1914: Dancin' at Elm & Main

This article is like a good cigar. To savor it you gotta smoke it. Click, below, and start smokin'!

Start dancin’.  Better yet, grab your partner (spouse? companion? anyone handy?) and improvise.  The charleston, turkey trot, fox trot, black bottom, or whatever works.  

Take a break from dancing and listen to this one.  “This is the Life,” by Irving Berlin.  It’s the story of Farmer Brown “coming to town” where he discovers the pleasures of sin — what my preacher dad called “the world, the flesh, and the devil.”  (I’ve recorded only a portion of the song.)

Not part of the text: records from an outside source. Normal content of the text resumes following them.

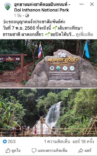 ทางอุทยานแห่งชาติดอยอินทนนท์ จ.เชียงใหม่ แจ้งว่าในวันที่ 7 พ.ย. 2566 ที่จะถึงนี้
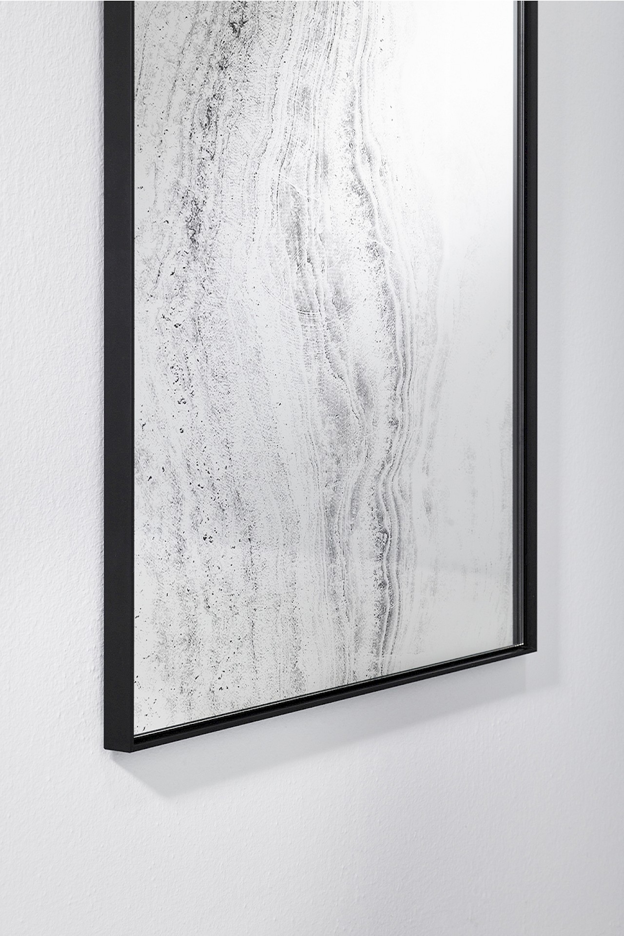 The immediately-recognisable lines and swirls of limestone give TRAVERTIN its depth and character. The texture of this beautiful sedimentary rock is applied to the glass using silkscreen printing just before the silvering process. A sleek metal frame encloses this organic image, creating a piece of art. The print is very delicate and doesn’t heavily impact upon the functionality of the mirror. Travertin is a slender mirror that can be hung either horizontally or vertically.
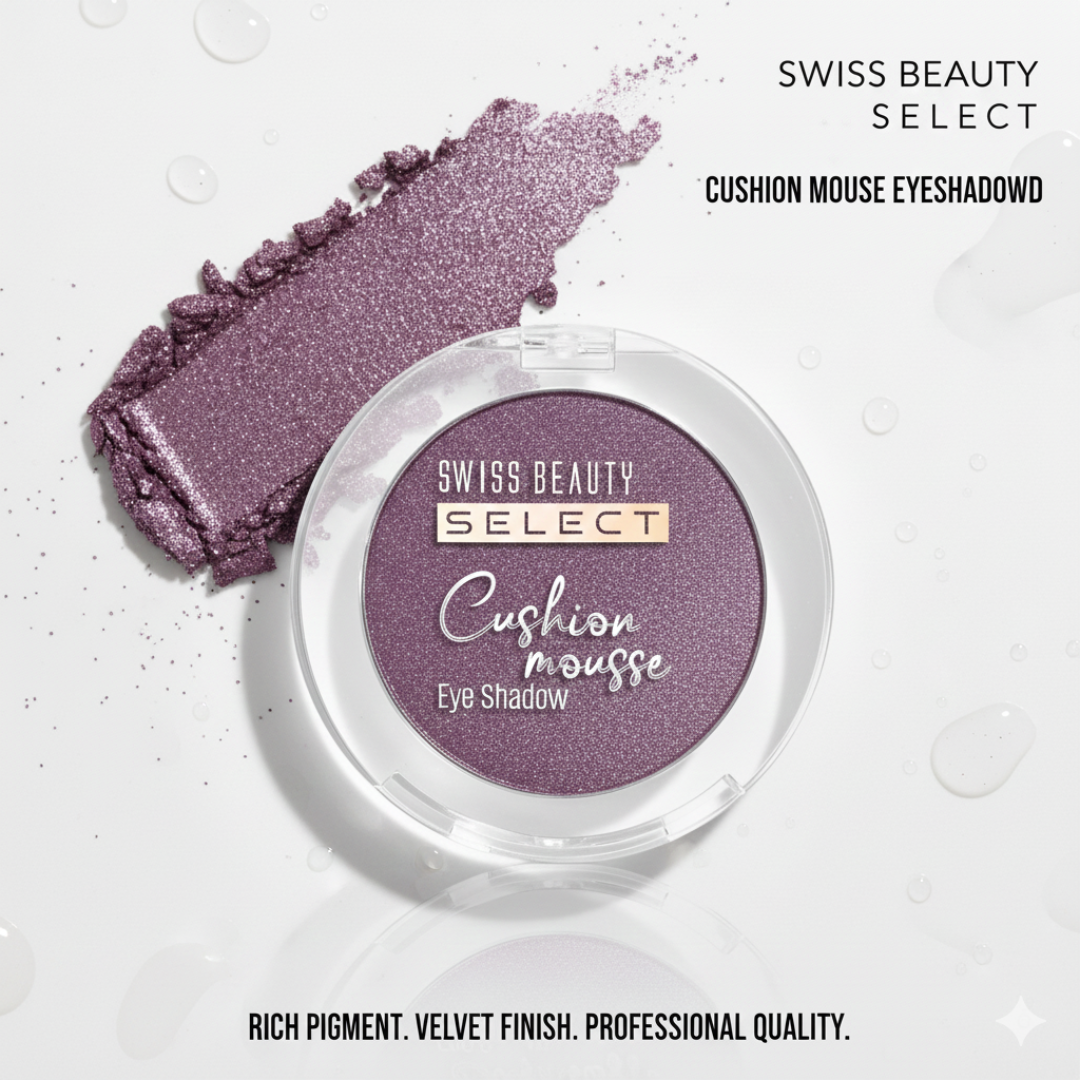 Experience luxury at your fingertips with the Swiss Beauty Select Cushion Mousse Eyeshadow. This innovative pressed mousse formula delivers rich pigment, a velvety finish, and multidimensional shine that catches the light for an ethereal, eye-catching look. Infused with nourishing Vitamin E, this eyeshadow glides on seamlessly with a bouncy, cushiony texture that blends effortlessly—with zero fallout, no glue-like mess, and no creasing. Perfect for creating everything from soft daytime glam to bold evening looks, this long-lasting shadow offers professional quality in an easy-to-use compact.

Ready for this?!  You’ve been dancing, my dear, to the Malone Orchestra.  The orchestra is long dead, of course; you’re dancing to the rag-time they played at a grand celebration on July 1, 1914.  

Regal Touring Model N
Ford Model T Depot Hack

Image a balmy summer evening.  The high society of “Malone, Star of the North since 1802” has turned out for an evening of dance, laughter, booze (Prohibition is 6 years away), and spectacular dining.  

They arrive in the new horseless carriage:  Henry Ford’s “Tin Lizzie” Model T Depot Hack, the rakish Regal Underslung Touring Model N, and a host of others. 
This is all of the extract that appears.